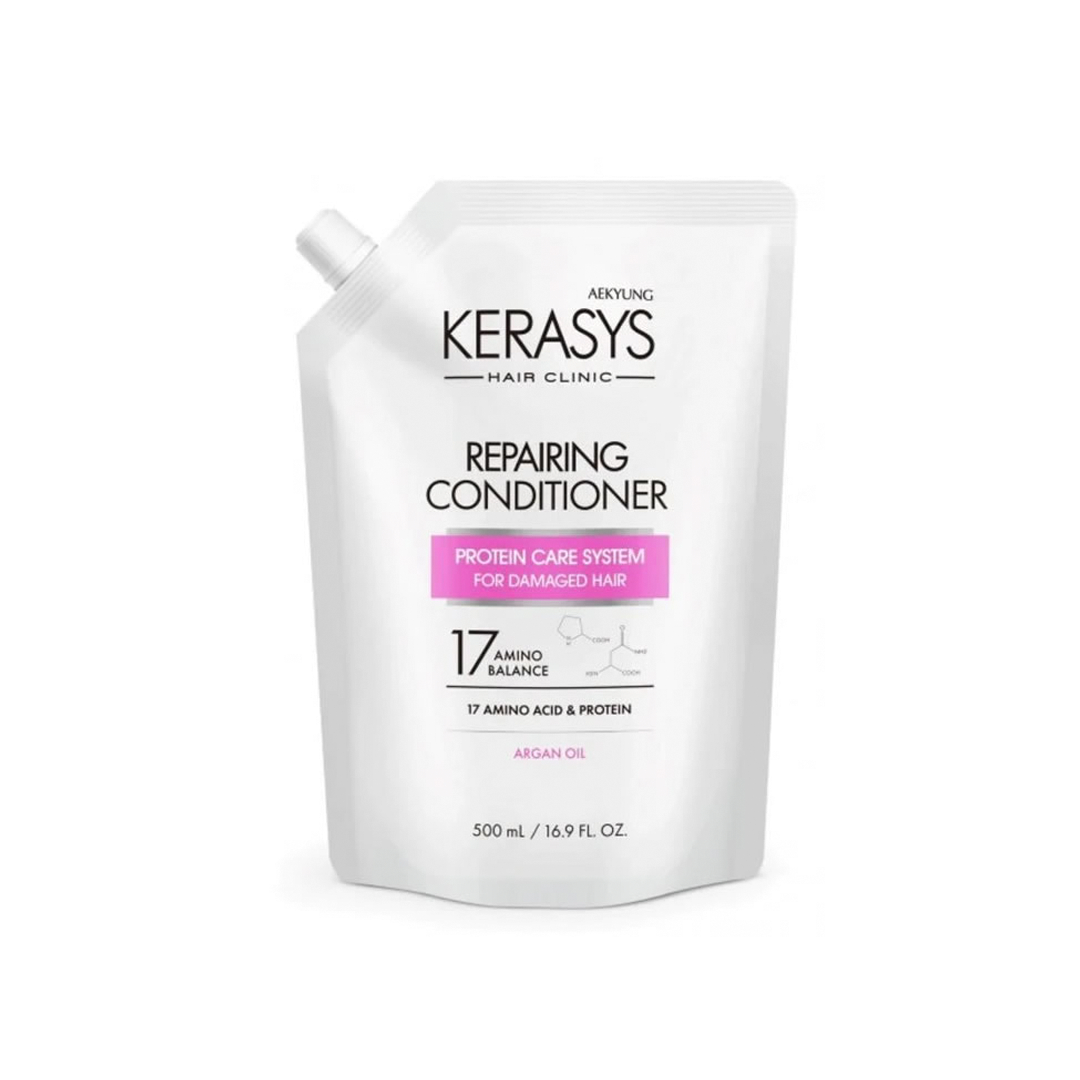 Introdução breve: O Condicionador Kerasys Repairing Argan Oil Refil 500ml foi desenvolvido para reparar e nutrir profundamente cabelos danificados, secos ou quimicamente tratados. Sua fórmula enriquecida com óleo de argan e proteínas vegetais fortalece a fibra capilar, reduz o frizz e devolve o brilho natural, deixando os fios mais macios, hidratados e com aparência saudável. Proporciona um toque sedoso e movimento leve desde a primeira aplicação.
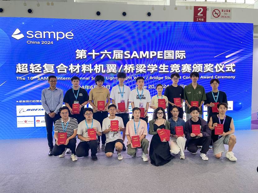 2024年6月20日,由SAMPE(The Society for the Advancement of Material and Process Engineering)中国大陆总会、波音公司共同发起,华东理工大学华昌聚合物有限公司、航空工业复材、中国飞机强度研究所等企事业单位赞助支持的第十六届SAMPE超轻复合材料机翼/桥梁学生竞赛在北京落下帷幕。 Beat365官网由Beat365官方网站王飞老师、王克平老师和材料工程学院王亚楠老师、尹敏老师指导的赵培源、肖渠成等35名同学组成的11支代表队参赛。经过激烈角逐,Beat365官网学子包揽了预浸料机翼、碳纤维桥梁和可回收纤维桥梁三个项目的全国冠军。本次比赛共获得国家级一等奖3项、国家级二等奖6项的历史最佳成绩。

--

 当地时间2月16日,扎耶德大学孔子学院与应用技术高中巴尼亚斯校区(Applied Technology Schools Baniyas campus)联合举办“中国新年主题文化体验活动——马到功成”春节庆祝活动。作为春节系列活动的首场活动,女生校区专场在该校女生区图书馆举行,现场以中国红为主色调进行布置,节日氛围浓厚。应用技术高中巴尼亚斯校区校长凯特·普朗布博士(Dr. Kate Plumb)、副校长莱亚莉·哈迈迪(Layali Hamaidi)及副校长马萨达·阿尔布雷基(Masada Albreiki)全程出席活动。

WORK INSTRUCTIONS
Starting at the line with "Introdução breve: O" in the entries above, write out every line exactly until the line with "2024年6月20日,由SAMPE(The Society for" has been written. Include no pictures and nothing more.

EXPECTED OUTPUT
 Introdução breve: O Condicionador Kerasys Repairing Argan Oil Refil 500ml foi desenvolvido para reparar e nutrir profundamente cabelos danificados, secos ou quimicamente tratados. Sua fórmula enriquecida com óleo de argan e proteínas vegetais fortalece a fibra capilar, reduz o frizz e devolve o brilho natural, deixando os fios mais macios, hidratados e com aparência saudável. Proporciona um toque sedoso e movimento leve desde a primeira aplicação.
 2024年6月20日,由SAMPE(The Society for the Advancement of Material and Process Engineering)中国大陆总会、波音公司共同发起,华东理工大学华昌聚合物有限公司、航空工业复材、中国飞机强度研究所等企事业单位赞助支持的第十六届SAMPE超轻复合材料机翼/桥梁学生竞赛在北京落下帷幕。 Beat365官网由Beat365官方网站王飞老师、王克平老师和材料工程学院王亚楠老师、尹敏老师指导的赵培源、肖渠成等35名同学组成的11支代表队参赛。经过激烈角逐,Beat365官网学子包揽了预浸料机翼、碳纤维桥梁和可回收纤维桥梁三个项目的全国冠军。本次比赛共获得国家级一等奖3项、国家级二等奖6项的历史最佳成绩。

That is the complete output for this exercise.